* Exercise directions
From first line to last, give the records again word for word and omit the pictures.
# # # #
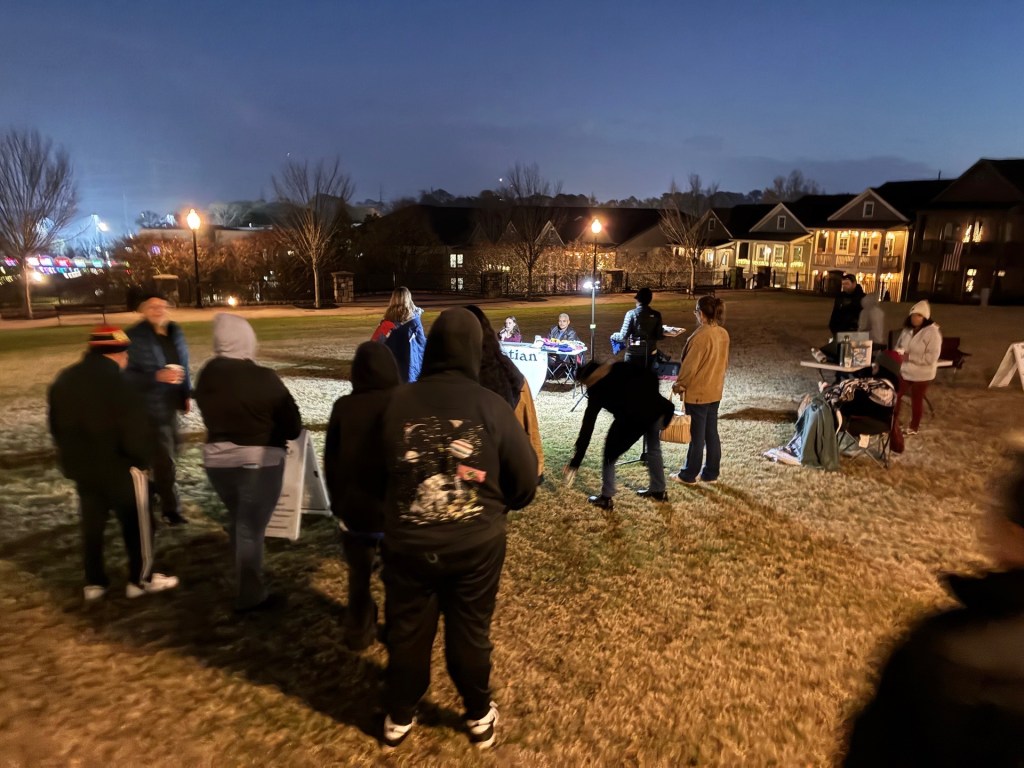 Great work continues to be done at the new church plant in Norcross, Georgia, Emmanuel Lutheran Church! This past Saturday was an absolute dynamite night of ministry! Thanks be to God for each of you who made such an impact!!! The hot coffee and hot tea were a big hit and helped everyone out on a cold night. It was so wonderful to see so many new conversations and engagements where people’s questions were heard and the Gospel was shared. Thanks be to God for Vicar Phil Owen and his wife Sabrina for their faithfulness in this mission!
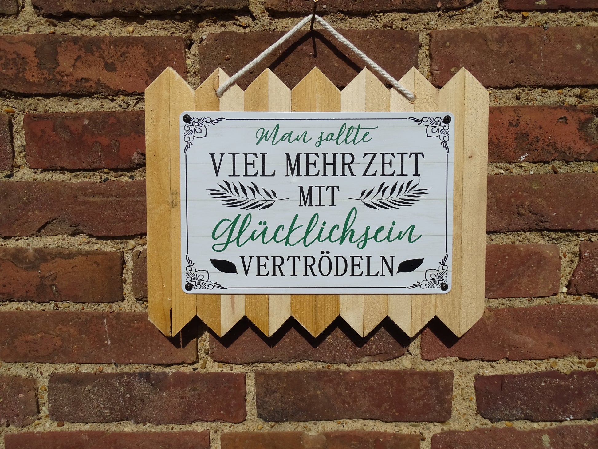 Man sollte viel mehr Zeit mit glücklich sein vertrödeln - personalisiertes Blechschild auf Altholz
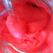 En este caso utilicé el colorante rojo,porque usé el marshmallow fluff rosa.Dividimos la mezcla en los dos moldes y a horno durante 25 minutos,pero ya sabéis que esto es orientativo.
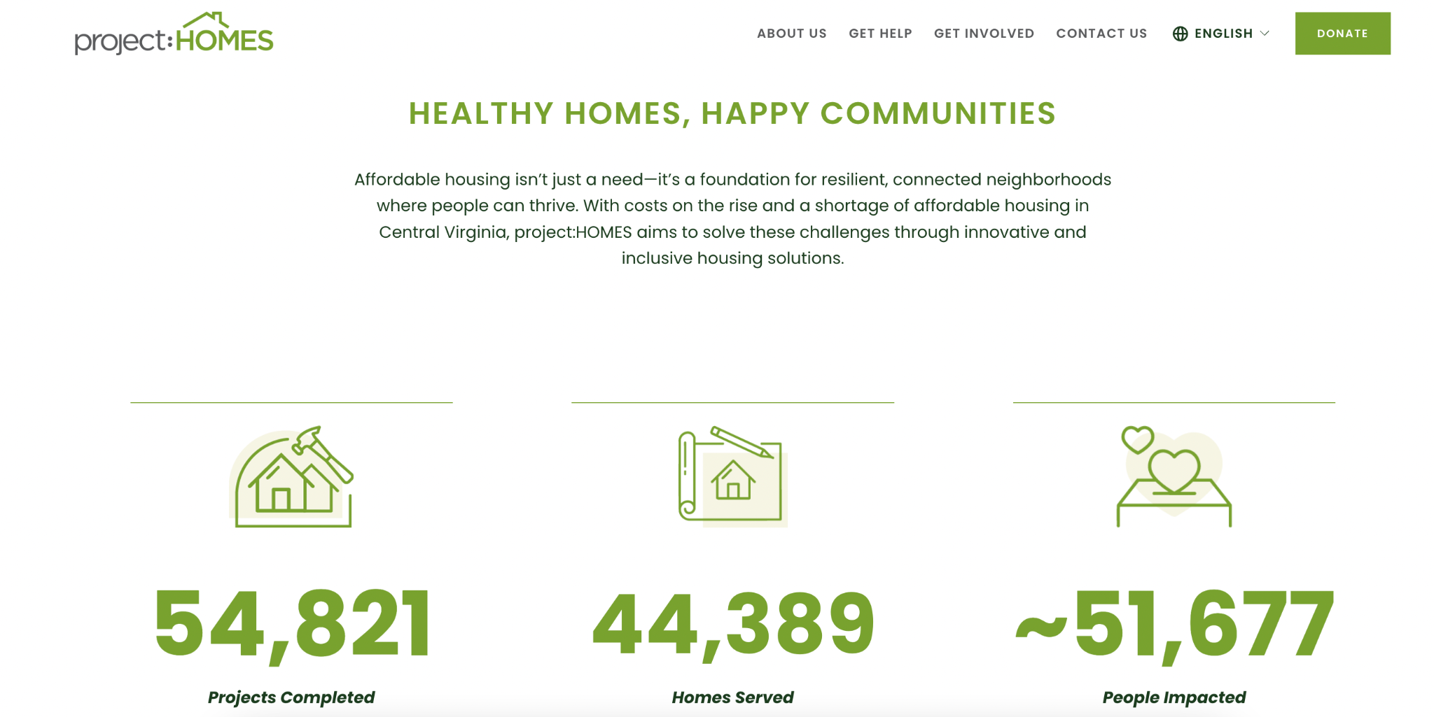 project:HOMES is a nonprofit dedicated to ensuring that every Central Virginian has access to safe and affordable housing. Collaborating with a local design company, Campfire & Co., I was responsible for refreshing copy throughout the new website to align with project:HOMES' goals and new branding.
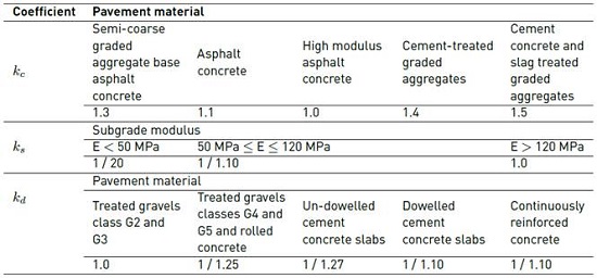 The calibration coefficient Kc adjusts the allowable strain or stress to the performance observed on pavements of the same type. The coefficient Ks is a reducing factor that takes into account the heterogeneity of the bearing capacity of the roadbed. The coefficient kd takes into account the effect of joints or shrinkage cracks in cement-treated materials or concrete slabs. Table 2 summarizes the suggested values of the coefficients for French conditions.
# # # #
* Answer section
 Great work continues to be done at the new church plant in Norcross, Georgia, Emmanuel Lutheran Church! This past Saturday was an absolute dynamite night of ministry! Thanks be to God for each of you who made such an impact!!! The hot coffee and hot tea were a big hit and helped everyone out on a cold night. It was so wonderful to see so many new conversations and engagements where people’s questions were heard and the Gospel was shared. Thanks be to God for Vicar Phil Owen and his wife Sabrina for their faithfulness in this mission!
 Man sollte viel mehr Zeit mit glücklich sein vertrödeln - personalisiertes Blechschild auf Altholz
 En este caso utilicé el colorante rojo,porque usé el marshmallow fluff rosa.Dividimos la mezcla en los dos moldes y a horno durante 25 minutos,pero ya sabéis que esto es orientativo.
 project:HOMES is a nonprofit dedicated to ensuring that every Central Virginian has access to safe and affordable housing. Collaborating with a local design company, Campfire & Co., I was responsible for refreshing copy throughout the new website to align with project:HOMES' goals and new branding.
 The calibration coefficient Kc adjusts the allowable strain or stress to the performance observed on pavements of the same type. The coefficient Ks is a reducing factor that takes into account the heterogeneity of the bearing capacity of the roadbed. The coefficient kd takes into account the effect of joints or shrinkage cracks in cement-treated materials or concrete slabs. Table 2 summarizes the suggested values of the coefficients for French conditions.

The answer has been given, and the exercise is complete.